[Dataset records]
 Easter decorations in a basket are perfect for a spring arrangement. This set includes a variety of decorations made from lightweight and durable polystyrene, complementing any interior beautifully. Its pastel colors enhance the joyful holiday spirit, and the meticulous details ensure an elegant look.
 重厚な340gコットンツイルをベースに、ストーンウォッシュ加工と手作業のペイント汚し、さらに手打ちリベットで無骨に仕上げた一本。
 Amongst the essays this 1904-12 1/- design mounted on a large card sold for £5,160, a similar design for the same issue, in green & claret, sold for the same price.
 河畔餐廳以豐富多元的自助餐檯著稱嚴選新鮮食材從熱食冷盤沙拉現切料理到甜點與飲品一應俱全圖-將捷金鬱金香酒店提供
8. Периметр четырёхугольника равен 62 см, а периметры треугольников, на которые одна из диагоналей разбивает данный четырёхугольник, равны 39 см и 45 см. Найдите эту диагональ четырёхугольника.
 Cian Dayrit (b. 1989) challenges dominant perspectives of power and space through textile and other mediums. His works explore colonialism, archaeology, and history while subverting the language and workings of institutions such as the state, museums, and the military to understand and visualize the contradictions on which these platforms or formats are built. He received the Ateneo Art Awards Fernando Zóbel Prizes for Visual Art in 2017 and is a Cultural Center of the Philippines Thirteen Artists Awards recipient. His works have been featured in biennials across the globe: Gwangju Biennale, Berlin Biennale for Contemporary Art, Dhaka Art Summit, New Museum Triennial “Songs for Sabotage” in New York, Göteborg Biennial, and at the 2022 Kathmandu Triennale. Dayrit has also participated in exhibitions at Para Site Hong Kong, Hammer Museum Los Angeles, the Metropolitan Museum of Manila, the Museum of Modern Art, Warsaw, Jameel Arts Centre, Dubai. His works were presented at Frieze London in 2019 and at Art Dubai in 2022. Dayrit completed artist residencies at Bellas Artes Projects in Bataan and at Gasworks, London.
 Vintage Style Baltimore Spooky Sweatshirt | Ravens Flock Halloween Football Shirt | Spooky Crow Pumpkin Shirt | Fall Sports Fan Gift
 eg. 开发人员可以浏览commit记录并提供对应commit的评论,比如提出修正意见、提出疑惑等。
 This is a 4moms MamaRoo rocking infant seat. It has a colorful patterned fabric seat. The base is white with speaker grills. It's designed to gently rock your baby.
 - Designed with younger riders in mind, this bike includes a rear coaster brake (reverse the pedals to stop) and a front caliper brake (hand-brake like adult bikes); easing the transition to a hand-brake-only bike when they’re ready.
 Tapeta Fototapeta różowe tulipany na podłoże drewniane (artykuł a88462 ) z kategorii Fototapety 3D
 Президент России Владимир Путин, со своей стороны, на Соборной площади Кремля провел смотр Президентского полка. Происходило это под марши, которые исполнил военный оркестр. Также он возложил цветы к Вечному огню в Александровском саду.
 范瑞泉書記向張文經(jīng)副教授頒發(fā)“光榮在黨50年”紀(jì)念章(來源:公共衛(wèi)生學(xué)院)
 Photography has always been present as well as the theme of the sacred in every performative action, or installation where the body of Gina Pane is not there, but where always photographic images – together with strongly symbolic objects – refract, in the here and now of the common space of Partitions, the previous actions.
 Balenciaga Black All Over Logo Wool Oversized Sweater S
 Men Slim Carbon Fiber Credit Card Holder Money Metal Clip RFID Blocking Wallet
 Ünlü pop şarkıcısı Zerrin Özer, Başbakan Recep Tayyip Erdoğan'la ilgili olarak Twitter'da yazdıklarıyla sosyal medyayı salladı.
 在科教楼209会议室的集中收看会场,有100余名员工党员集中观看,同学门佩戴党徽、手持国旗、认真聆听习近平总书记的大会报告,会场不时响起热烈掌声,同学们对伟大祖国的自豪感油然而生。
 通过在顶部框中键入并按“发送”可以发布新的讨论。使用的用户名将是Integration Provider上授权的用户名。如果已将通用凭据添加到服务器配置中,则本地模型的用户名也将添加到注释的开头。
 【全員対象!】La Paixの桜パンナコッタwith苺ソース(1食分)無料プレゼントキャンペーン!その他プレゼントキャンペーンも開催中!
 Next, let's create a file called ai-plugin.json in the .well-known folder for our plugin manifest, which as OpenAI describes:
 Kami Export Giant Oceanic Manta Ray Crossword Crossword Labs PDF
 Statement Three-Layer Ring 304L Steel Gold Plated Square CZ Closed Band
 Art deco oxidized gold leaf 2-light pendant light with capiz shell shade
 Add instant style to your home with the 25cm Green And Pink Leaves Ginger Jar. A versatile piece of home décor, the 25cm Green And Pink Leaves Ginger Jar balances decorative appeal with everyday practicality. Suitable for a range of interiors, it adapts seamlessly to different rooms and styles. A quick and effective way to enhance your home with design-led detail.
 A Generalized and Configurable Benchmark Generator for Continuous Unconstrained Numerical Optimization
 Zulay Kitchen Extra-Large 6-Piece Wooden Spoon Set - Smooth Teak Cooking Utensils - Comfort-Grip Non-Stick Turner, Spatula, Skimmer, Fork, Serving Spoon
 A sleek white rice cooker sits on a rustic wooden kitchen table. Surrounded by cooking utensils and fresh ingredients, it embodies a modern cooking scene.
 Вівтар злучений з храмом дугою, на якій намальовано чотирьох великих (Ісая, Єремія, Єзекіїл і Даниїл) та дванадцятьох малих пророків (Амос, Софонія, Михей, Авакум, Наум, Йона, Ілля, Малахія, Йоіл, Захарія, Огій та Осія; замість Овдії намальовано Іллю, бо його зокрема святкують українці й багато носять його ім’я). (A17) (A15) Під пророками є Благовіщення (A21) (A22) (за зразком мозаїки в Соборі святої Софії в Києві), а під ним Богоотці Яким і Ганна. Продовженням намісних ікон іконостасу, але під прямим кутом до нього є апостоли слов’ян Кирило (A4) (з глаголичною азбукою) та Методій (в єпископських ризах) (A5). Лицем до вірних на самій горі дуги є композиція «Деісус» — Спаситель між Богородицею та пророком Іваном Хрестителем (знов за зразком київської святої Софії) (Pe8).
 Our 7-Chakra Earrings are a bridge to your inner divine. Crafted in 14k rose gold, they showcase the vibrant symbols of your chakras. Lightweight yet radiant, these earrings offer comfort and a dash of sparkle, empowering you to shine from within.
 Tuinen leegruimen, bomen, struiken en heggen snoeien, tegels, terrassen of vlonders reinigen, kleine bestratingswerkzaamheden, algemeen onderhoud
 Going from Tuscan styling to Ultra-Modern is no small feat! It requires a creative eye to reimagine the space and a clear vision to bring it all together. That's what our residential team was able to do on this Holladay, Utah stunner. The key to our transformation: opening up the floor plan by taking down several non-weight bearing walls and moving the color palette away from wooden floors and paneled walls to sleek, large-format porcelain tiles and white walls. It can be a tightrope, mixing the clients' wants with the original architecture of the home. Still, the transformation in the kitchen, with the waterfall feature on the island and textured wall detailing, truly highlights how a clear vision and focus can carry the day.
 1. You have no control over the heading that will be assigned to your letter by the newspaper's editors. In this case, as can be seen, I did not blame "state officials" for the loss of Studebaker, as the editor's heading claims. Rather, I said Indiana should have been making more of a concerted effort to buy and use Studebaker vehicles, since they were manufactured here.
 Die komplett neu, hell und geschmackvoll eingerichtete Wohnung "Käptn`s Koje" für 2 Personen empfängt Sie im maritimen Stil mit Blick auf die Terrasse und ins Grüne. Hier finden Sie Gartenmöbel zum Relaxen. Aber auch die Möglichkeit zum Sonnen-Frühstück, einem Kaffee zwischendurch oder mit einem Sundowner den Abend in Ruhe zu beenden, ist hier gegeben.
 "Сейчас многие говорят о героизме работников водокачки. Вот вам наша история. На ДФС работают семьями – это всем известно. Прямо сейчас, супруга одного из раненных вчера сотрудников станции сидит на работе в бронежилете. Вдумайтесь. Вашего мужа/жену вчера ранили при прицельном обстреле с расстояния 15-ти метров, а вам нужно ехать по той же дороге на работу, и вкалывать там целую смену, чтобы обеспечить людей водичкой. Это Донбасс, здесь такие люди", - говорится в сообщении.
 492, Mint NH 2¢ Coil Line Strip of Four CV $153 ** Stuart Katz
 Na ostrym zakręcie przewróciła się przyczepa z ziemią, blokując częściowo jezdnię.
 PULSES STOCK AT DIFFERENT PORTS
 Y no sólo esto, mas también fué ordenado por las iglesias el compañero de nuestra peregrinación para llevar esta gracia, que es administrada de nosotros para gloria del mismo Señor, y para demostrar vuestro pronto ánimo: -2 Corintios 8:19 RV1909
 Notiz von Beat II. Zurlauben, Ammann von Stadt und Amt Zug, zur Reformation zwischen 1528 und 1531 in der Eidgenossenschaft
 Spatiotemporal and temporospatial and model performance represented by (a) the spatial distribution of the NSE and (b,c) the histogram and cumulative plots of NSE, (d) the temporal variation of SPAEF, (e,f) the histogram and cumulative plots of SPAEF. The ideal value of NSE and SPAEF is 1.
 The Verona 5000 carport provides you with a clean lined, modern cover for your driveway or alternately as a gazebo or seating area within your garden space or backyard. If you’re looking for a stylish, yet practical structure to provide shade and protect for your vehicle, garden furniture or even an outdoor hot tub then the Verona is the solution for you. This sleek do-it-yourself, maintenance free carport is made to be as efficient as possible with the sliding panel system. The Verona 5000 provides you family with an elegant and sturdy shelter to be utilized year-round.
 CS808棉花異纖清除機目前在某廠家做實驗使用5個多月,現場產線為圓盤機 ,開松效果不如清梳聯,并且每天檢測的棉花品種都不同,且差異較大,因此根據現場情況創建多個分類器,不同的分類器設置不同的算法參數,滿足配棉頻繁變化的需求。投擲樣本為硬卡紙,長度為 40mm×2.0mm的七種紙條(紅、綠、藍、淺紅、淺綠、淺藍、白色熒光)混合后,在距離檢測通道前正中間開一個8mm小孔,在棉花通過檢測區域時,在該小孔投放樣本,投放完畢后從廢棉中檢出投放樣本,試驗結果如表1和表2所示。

▶ Task to complete: Reproduce each line from the data that has "которые" in it.

▶ Problem solution:
8. Периметр четырёхугольника равен 62 см, а периметры треугольников, на которые одна из диагоналей разбивает данный четырёхугольник, равны 39 см и 45 см. Найдите эту диагональ четырёхугольника.
 Президент России Владимир Путин, со своей стороны, на Соборной площади Кремля провел смотр Президентского полка. Происходило это под марши, которые исполнил военный оркестр. Также он возложил цветы к Вечному огню в Александровском саду.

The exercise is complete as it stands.